The preceding description, gathered through genetic analysis alone, qualitatively agrees with known patterns of antigenic evolution in the HA gene. From 2000 to 2002, the virus population remained in the Sydney/97 antigenic cluster and evolved very little in antigenic phenotype, although continued to evolve in genotype . This pattern is corroborated by our finding of increasing diversity during this time period; antigenic change provides the fuel for selection among strains, and so without antigenic evolution we expect a build up of genetic diversity. In 2002, the Fujian/02 strain emerged from the tropics and effected a large jump in antigenic phenotype . This antigenically novel variant rapidly spread through the global influenza population, and through this rapid spread displaced genetic diversity during the course of 2002-2003. The period from 2004 to 2007 saw a large amount of antigenic change, first with the California/04 transition and later with more continuous, but rapid antigenic change, necessitating vaccine updates for Wisconsin/05 and Brisbane/07 . This pattern of sustained antigenic evolution agrees well with our observation of continuously low levels of genetic diversity.
The observed consistently low levels of diversity from 2004 to 2008 are indicative of continuous selection on the global influenza population. However, we caution that this result is only applicable at a fairly coarse temporal resolution. From simulation, it can be seen that if a selective events occur sufficiently close together, there will not be time for diversity to recover and thus the second selective event will remain to a large extent hidden (Figure 6). It is thus possible that our observations of continuously low diversity from 2004 to 2008 can be explained by relatively few selective events, perhaps close to 4 in the 4 year period. It is also, of course, possible for there to have been more than 4 such events during this time.
The Fujian/02 antigenic variant was first discovered in southeastern China. Consistent with this geographic origin, diversity within China and Southeast Asia begins to decline in early 2002, as opposed to the global decline observed in mid-2002. The vaccine strain Fujian/02 was not sampled until August 2002. Our analysis suggests that the original antigenic variant that effected the cluster transition first appeared significantly earlier. Generally, it may be possible that the relatively slow decline in diversity observed during 2002-2003 may be in part due to a spatially asynchronous global influenza population. In this case, a selective sweep will necessarily be constrained by waiting for migration events to spread the novel variant throughout the world .
Thus, it appears that there is a broad correspondence between patterns of antigenic change and patterns of genetic diversity. It is generally thought that the HA1 domain of the HA protein experiences the strongest degree of immune pressure because of its high concentration of epitope-associated sites . Most antigenic changes in this period appear largely due to amino acid substitutions in epitopes A and B and the receptor binding domain of HA . However, it has recently been suggested that the evolution of antigenicity and receptor specificity are intimately linked, implying that selection on one will lead to changes in the other . This picture is further complicated by variation in the number of potential N-linked glycosylation sites (PNGS) on the surface of HA over this period. Glycans attached to PNGS have been shown to play a role in antibody escape, the strength of receptor binding, oligomerization, sorting, and transport [36, 37]. Because the addition of PNGS to H3 HA appears to increase viral clearance by components of innate immunity, the fact that there has been an overall increase in the number of PNGS on H3N2 HA since 1968 suggests its other functions have greater selective importance [37, 38]. It is feasible that amino acid substitutions in the epitopes in conjunction with the addition and removal of PNGS result in frequent, incremental changes in strain fitness and antigenicity.
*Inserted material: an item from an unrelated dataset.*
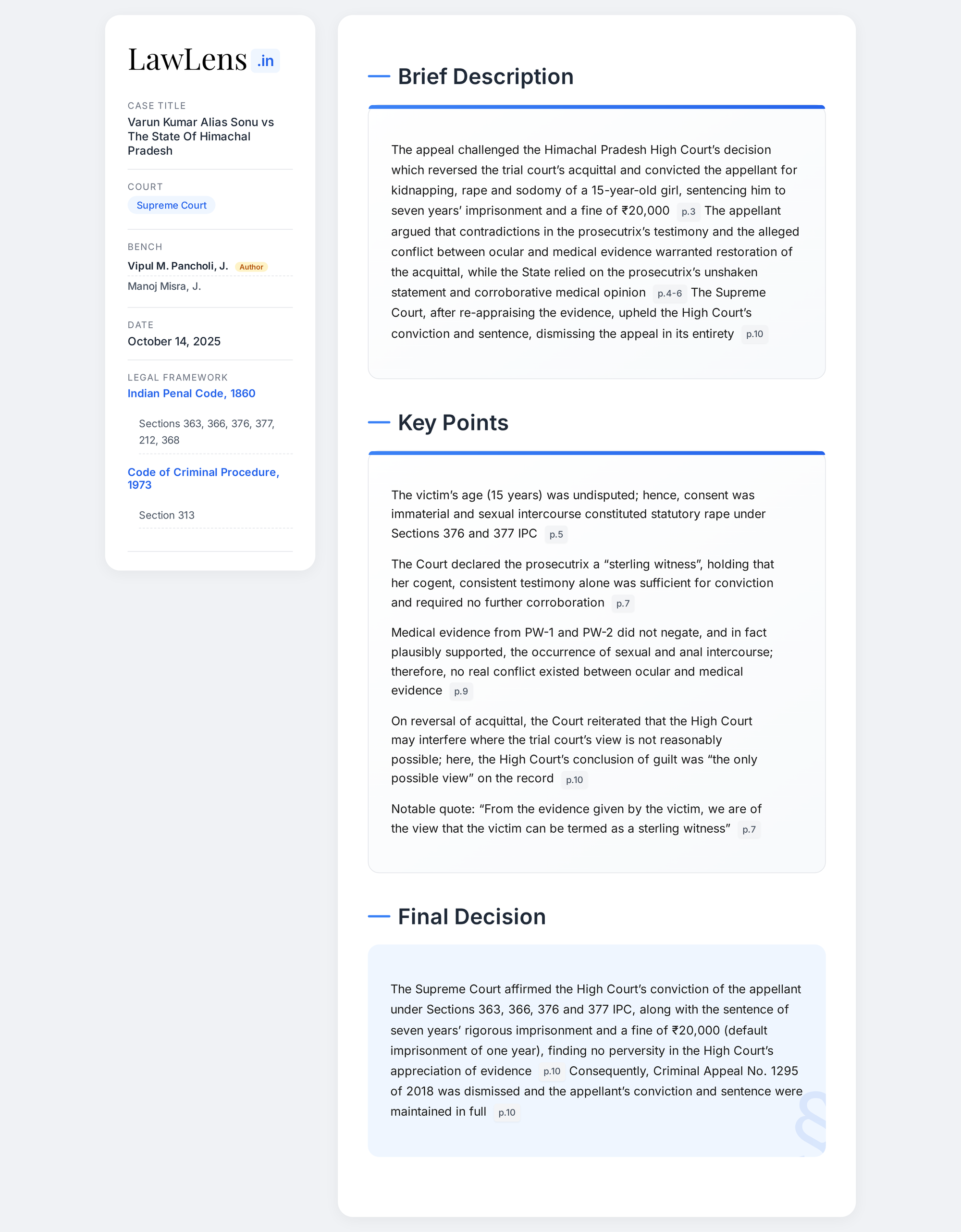 - Case name: Varun Kumar Alias Sonu v. State of Himachal Pradesh & Ors.

The effects of other genes on selection in H3 HA are probably secondary. Analysis of sequences collected in New York and New Zealand from 1995 to 2008 showed that the HA gene had consistently the smallest TMRCA , indicating it is under strong selection and thus the least likely hitchhiker. The gene whose function is most closely linked to that of HA is NA, which must compensate for changes in the receptor binding affinity of HA. After HA, NA is under the strongest positive selection and is an antibody target . In Denmark, amino acid substitutions in N2 NA epitopes were observed in every season from 1999-2000 to 2005-2006, in addition to substitutions in CTL epitopes in other genes . It is hard to gauge the extent to which genome segments evolve independently. On the one hand, reassortment rates are high, with fourteen separate events estimated from analysis of relatively small populations over four seasons . On the other hand, subsets of the genome significantly differ in the amount of phylogenetic history they share with one another , and their genes have uniquely different functions and constraints.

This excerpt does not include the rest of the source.